Memory of childhood clothing
My favourite item was a blue corduroy shirt waister dress that my mum made for me in the 1960’s. I can’t remember the exact year but reckon I must have been about 9 or 10 years old. What made it so special was that it came from a pre cut kit we saw advertised in a magazine and my mum had only recently updated her old treadle machine to a brand spanking new electric Singer, that came with little black discs for some decorative stitching! And I was allowed to sew on it, but I wasn’t making the dress.
I have a feeling that the colour was just a little disappointing as it wasn’t quite the turquoise I had imagined, but it was still a beautiful soft fine rib corduroy.

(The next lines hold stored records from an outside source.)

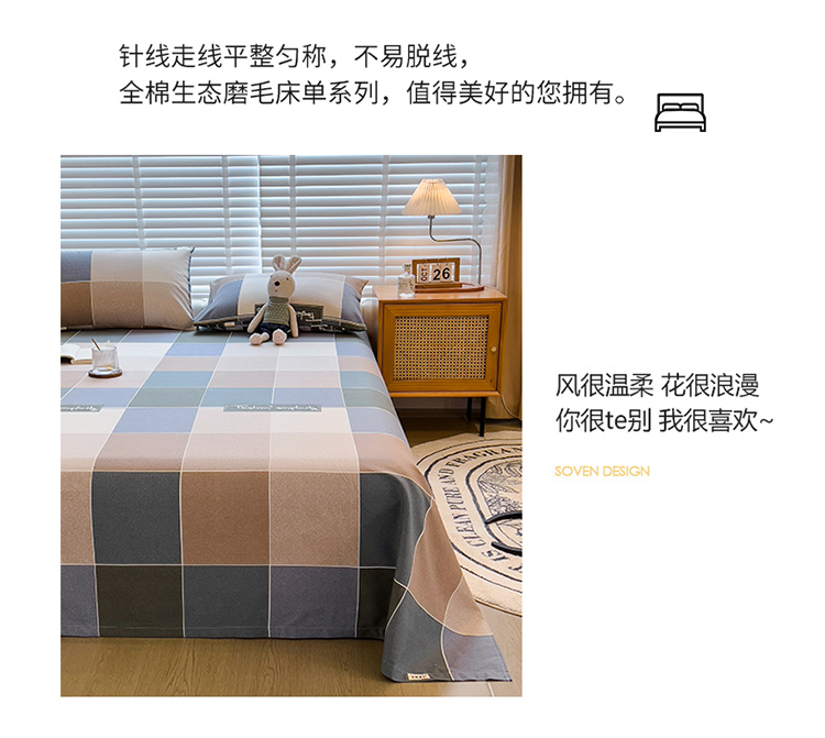• 91家纺网 家纺一手货源 找家纺 芃成家纺 2023磨毛单床单 青春格-蓝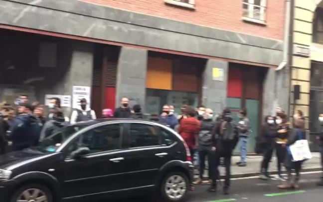 Un centenar de personas se ha concentrado para impedir el desalojo de la joven que ocupó un piso de Viviendas Municipales con su bebé tras quedarse sin trabajo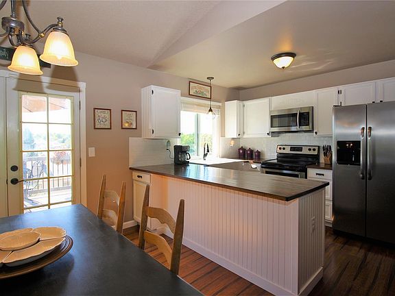 3 bedroom, 2 bath with curb appeal and landscaping. Bamboo floors throughout, open concept in main living area, vaulted ceilings, French doors, remodeled kitchen with farmers sink, island and tiled back splash. Fireplace with mantle in living room. New paint and doors! Fantastic deck with views perfect for entertaining family and friends. Fenced in huge backyard with mature trees, plenty of room to run and play. Book your showing today!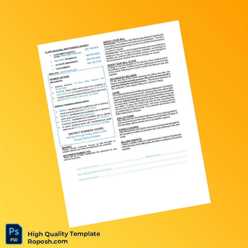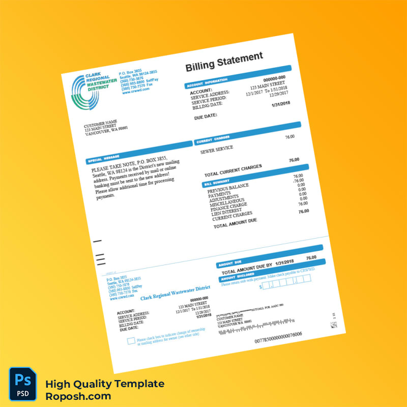 USA Clark Regional Wastewater District Editable Utility Bill Template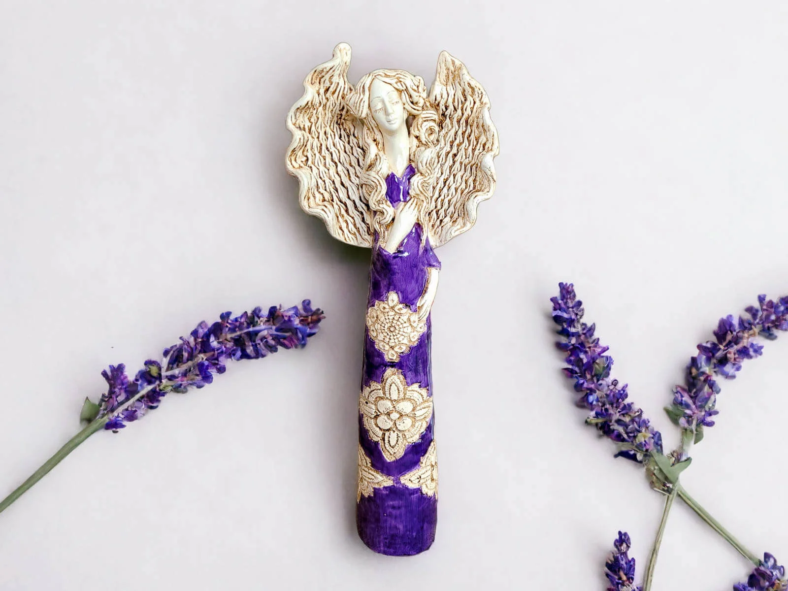 Anioł Madelyn - fiolet - 47 x 18 cm figurka dekoracyjna gipsowa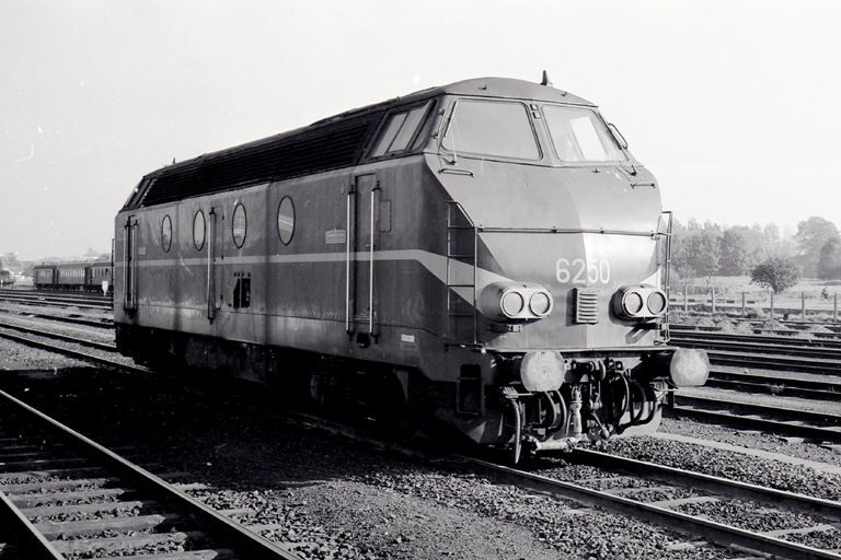 BeschrijvingDeze locomotief behoort tot de reeks 62 (ex-type 212). Op de achtergrond zien we enkele reizigersrijtuigen.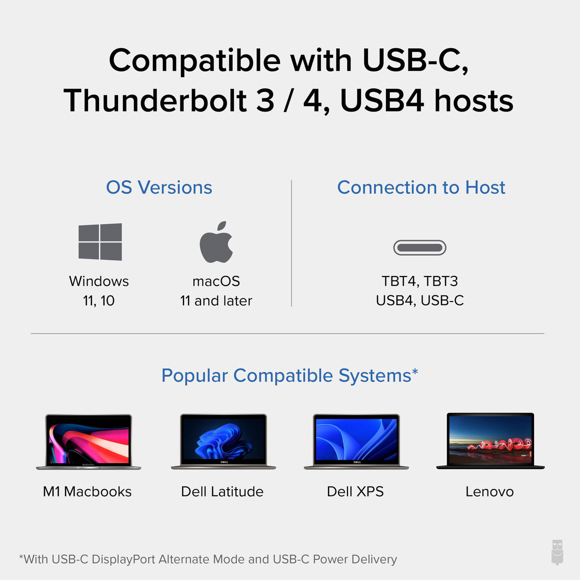 Not all USB-C ports offer DP Alt Mode or PD charging. Having a fully compatible USB-C, USB4, Thunderbolt 3, or Thunderbolt 4 port is required for this docking station, it will not work properly when adapted to USB 3.0. The UD-ULTC4K supports Windows 11, 10, 8.x, and 7, ChromeOS 100+, and macOS 10.14+. Linux, and some older macOS versions are not supported.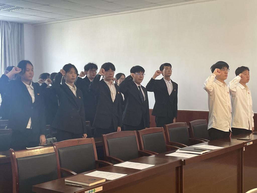 仪式在庄严的国歌声中拉开帷幕。李翊尘带领全体新发展团员学习《团章》核心内容,明确共青团员的政治责任与时代使命。张娜宣读新发展团员名单,27名青年学子正式加入中国共产主义青年团。王建友为新发展团员颁发团员证,张娜、冷冬阳共同为其佩戴团徽。徽章闪耀胸前,新团员们以昂扬的精神面貌,完成了这场政治身份转变。
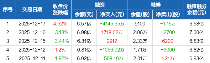 铂科新材:融资净偿还4145.65万元,融资余额6.57亿元(12-17)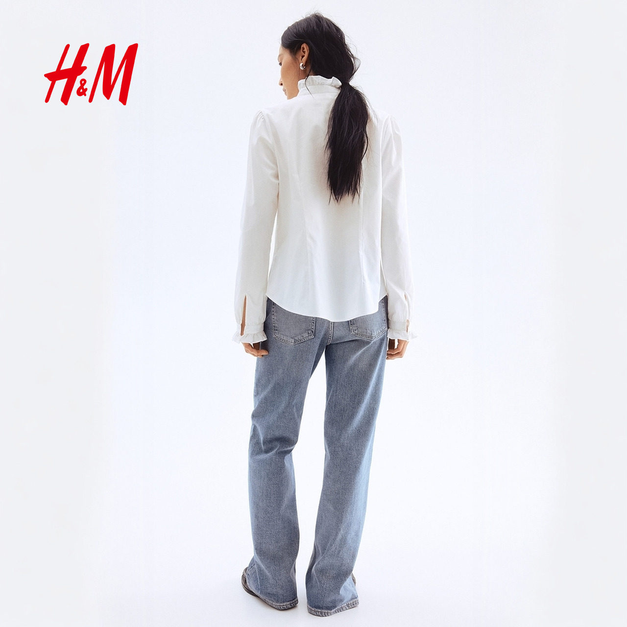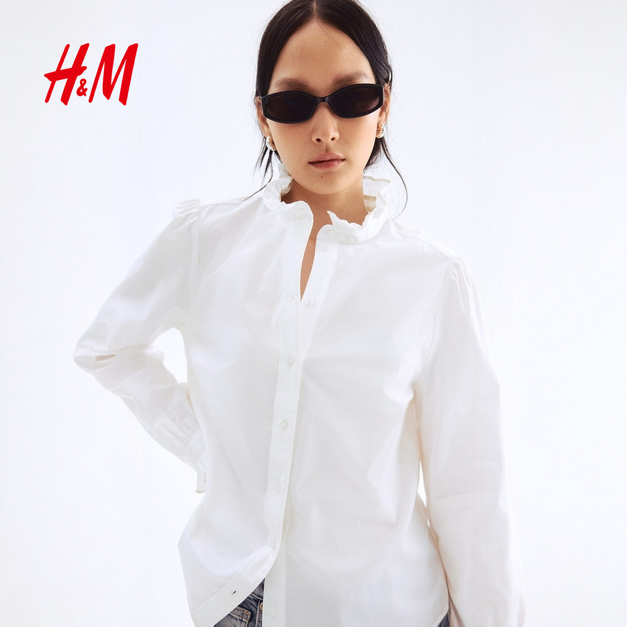HM女装衬衫2025冬季新款时尚潮流简约气质荷叶边领口衬衫1295517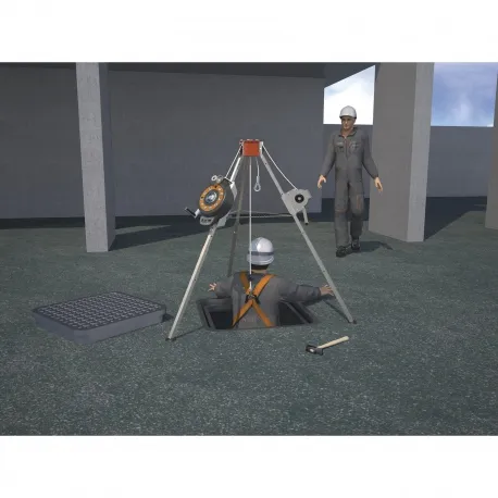 Ручная лебедка с тросом из оцинкованной стали. Грузоподъемность лебедки – 300 кг. Длина троса – 30 м, диаметр – 5 мм. Складная ручка. Крепится к триподам TRA20 и TRA30 с помощью переходных кронштейнов.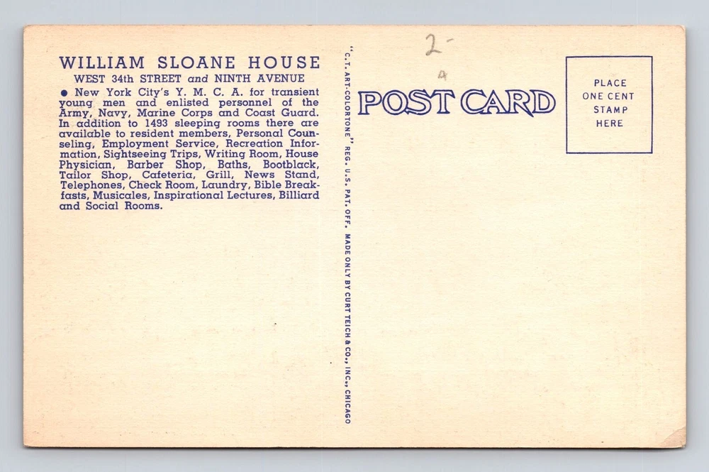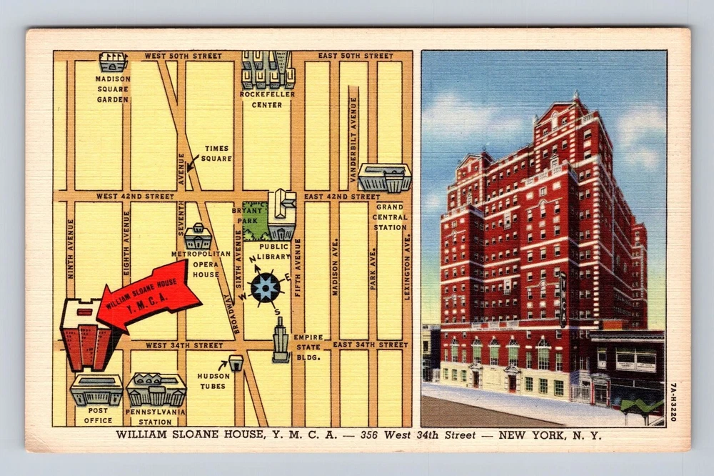 New York City NY, William Sloane House Advertising, Vintage Souvenir Postcard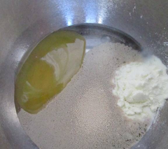第1步、把水油皮的用料:面粉、奶粉、酵母粉,鹽和融化的黃油、全部放入盆裡

It also had a fake panel down the front rather than an opening, but it did have gorgeous little brass buttons down the front and on the cuffs of the long sleeves. As my mum was making it, I had to be content with the length she set, just above my knee, but I felt so smart and sophisticated in that dress. I loved it and was thrilled watching it progress on the machine, and as everything was already cut out, it all worked really well. It was only a few years later that I was able to make my own clothes and remember a vivid red skirt I sewed with a pleat in front from half a yard of fabric…definitely way about my knee that one, but it was the swinging sixties. That did start a trend in my dressmaking though of always trying to get by with less fabric than the pattern would recommend, which I think still exists when I’m sewing. Learned to be frugal at an early age it seems! I think I was influenced by the make do and mend generation of my mum and aunts, who were always knitting and sewing.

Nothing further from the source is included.